Work request:
From the line that contains "Piqueras y Crespo" down to the final line below, please repeat each line exactly and nothing more, with no pictures.
(Dataset extract begins)
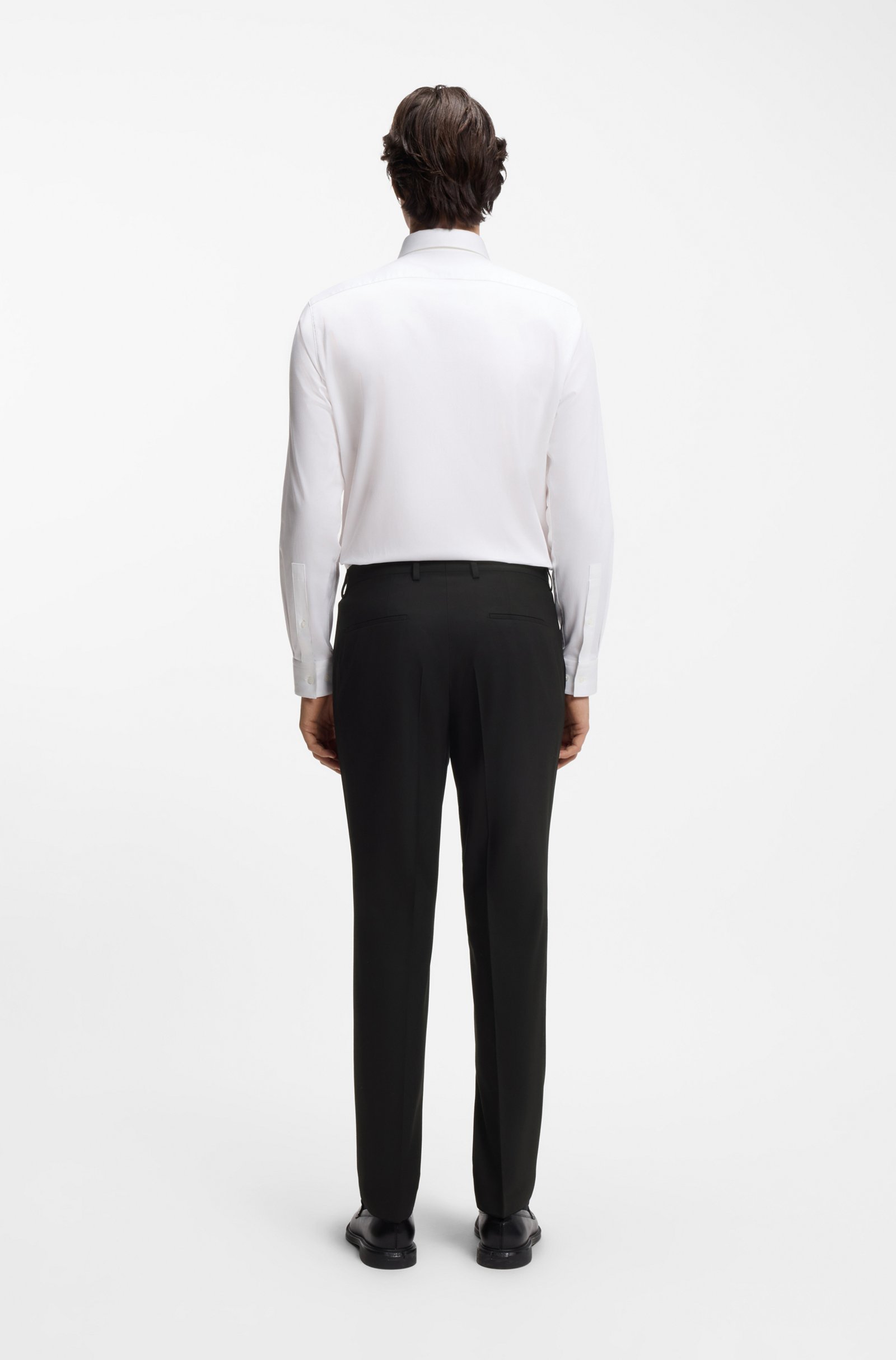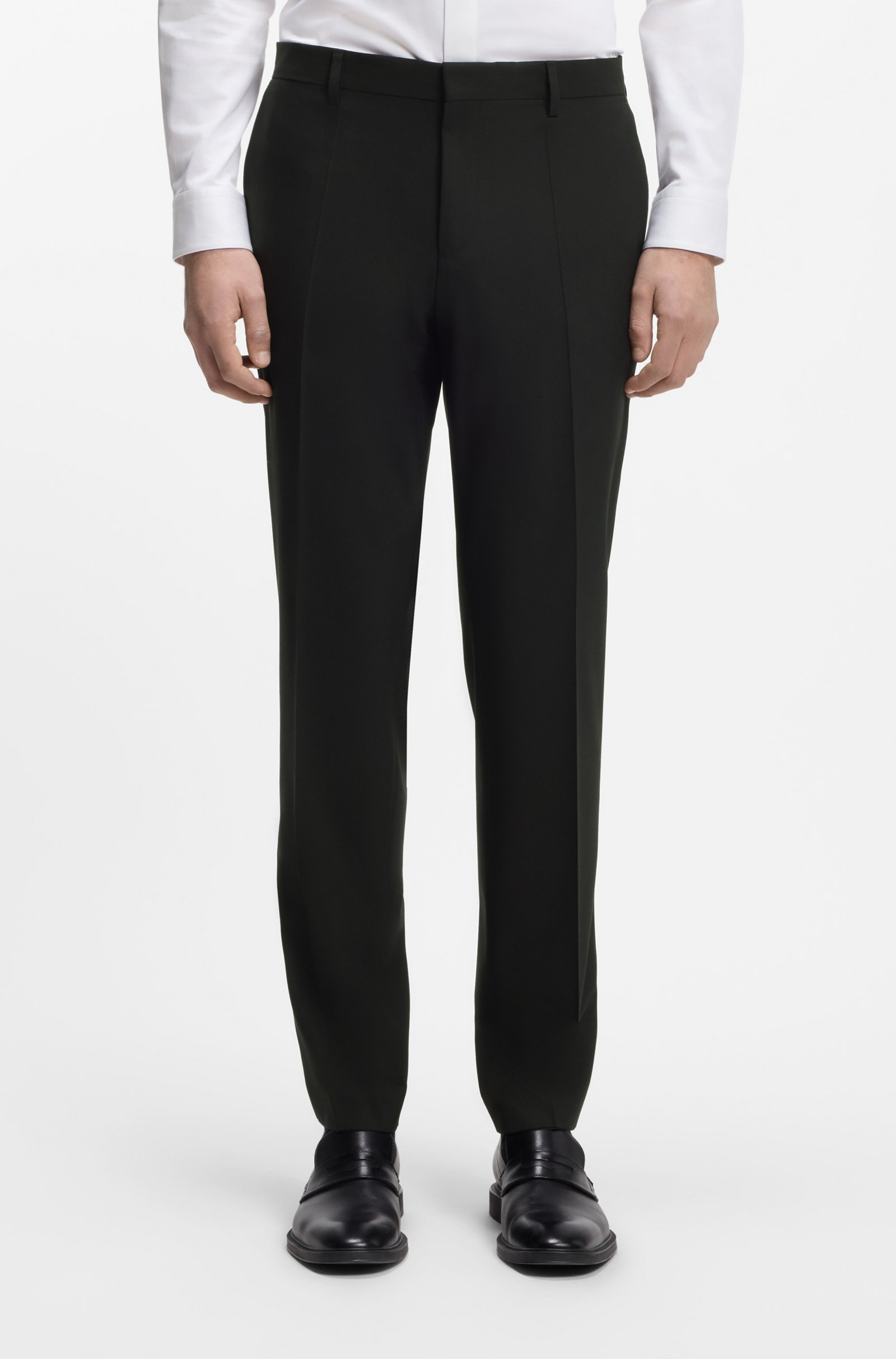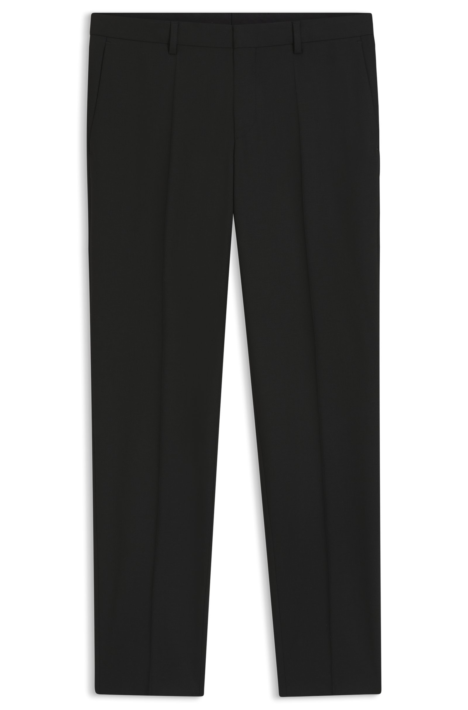 Cut to a slim fit in performance-stretch fabric, these HUGO Menswear trousers will become a favorite foundation. Extra-soft wool-blend poplin. Pleat front
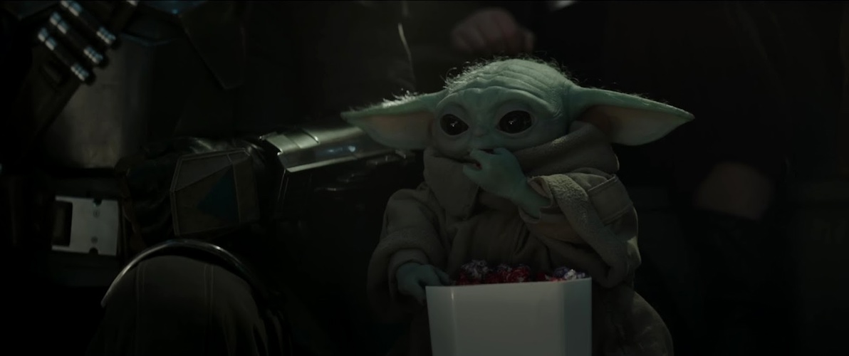 Shot 30: Grogu munches on some popped grain that looks similar to the Outpost Mix you can get at Star Wars: Galaxy’s Edge or the Mantell Mix we’ve seen in Star Wars: The Bad Batch.
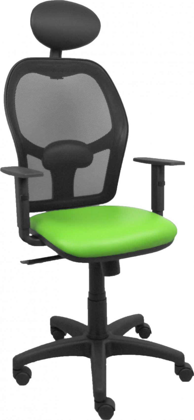Piqueras y Crespo Silla Alocén malla negra asiento similpiel pistacho brazos regulables cabecero fijo
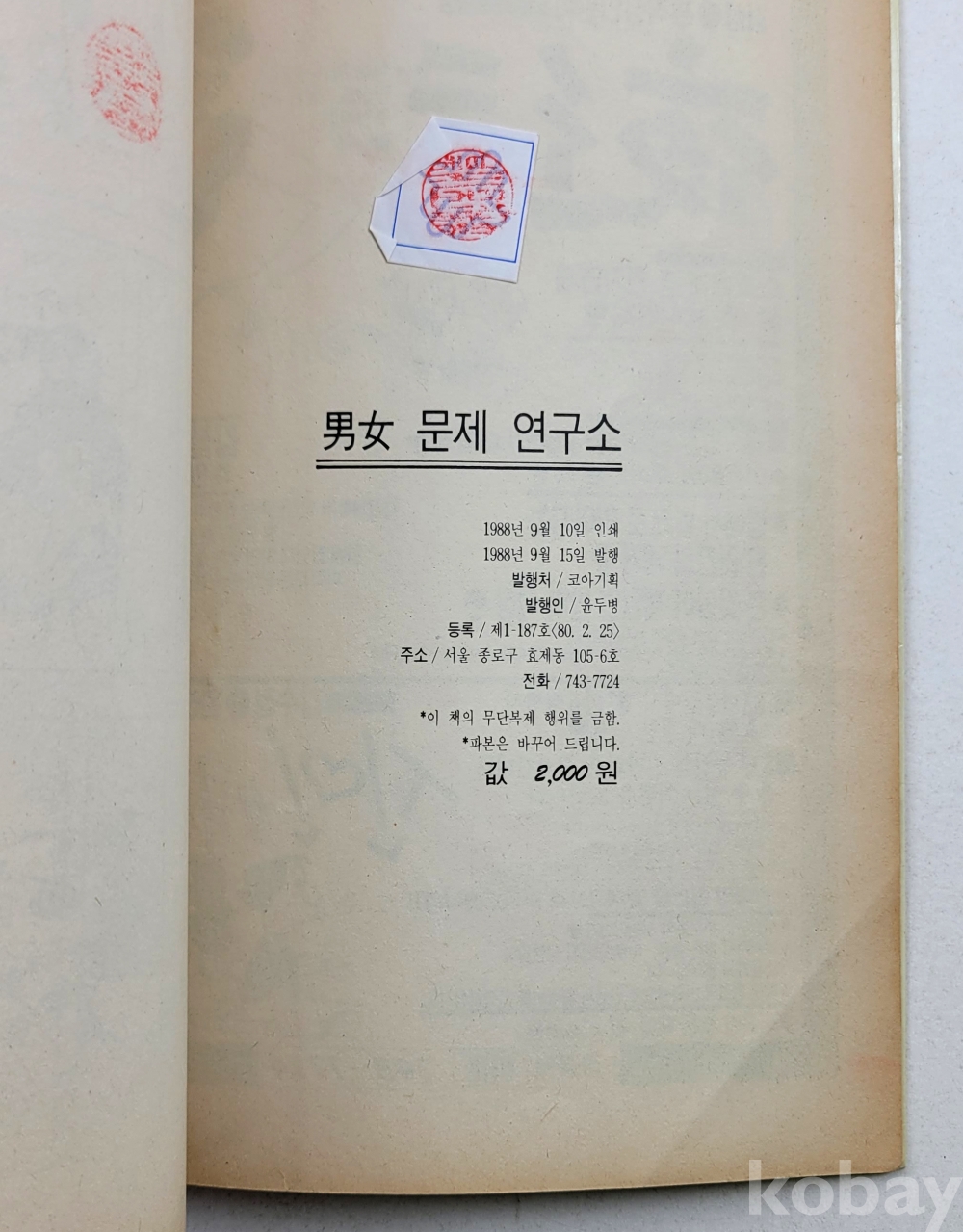 물 품 명 | 조주청 • 손바닥만화 / 남녀문제 연구소 / 1988년 초판 / 코아기획 |
(Dataset extract ends)
Solved exercise:
Piqueras y Crespo Silla Alocén malla negra asiento similpiel pistacho brazos regulables cabecero fijo
 물 품 명 | 조주청 • 손바닥만화 / 남녀문제 연구소 / 1988년 초판 / 코아기획 |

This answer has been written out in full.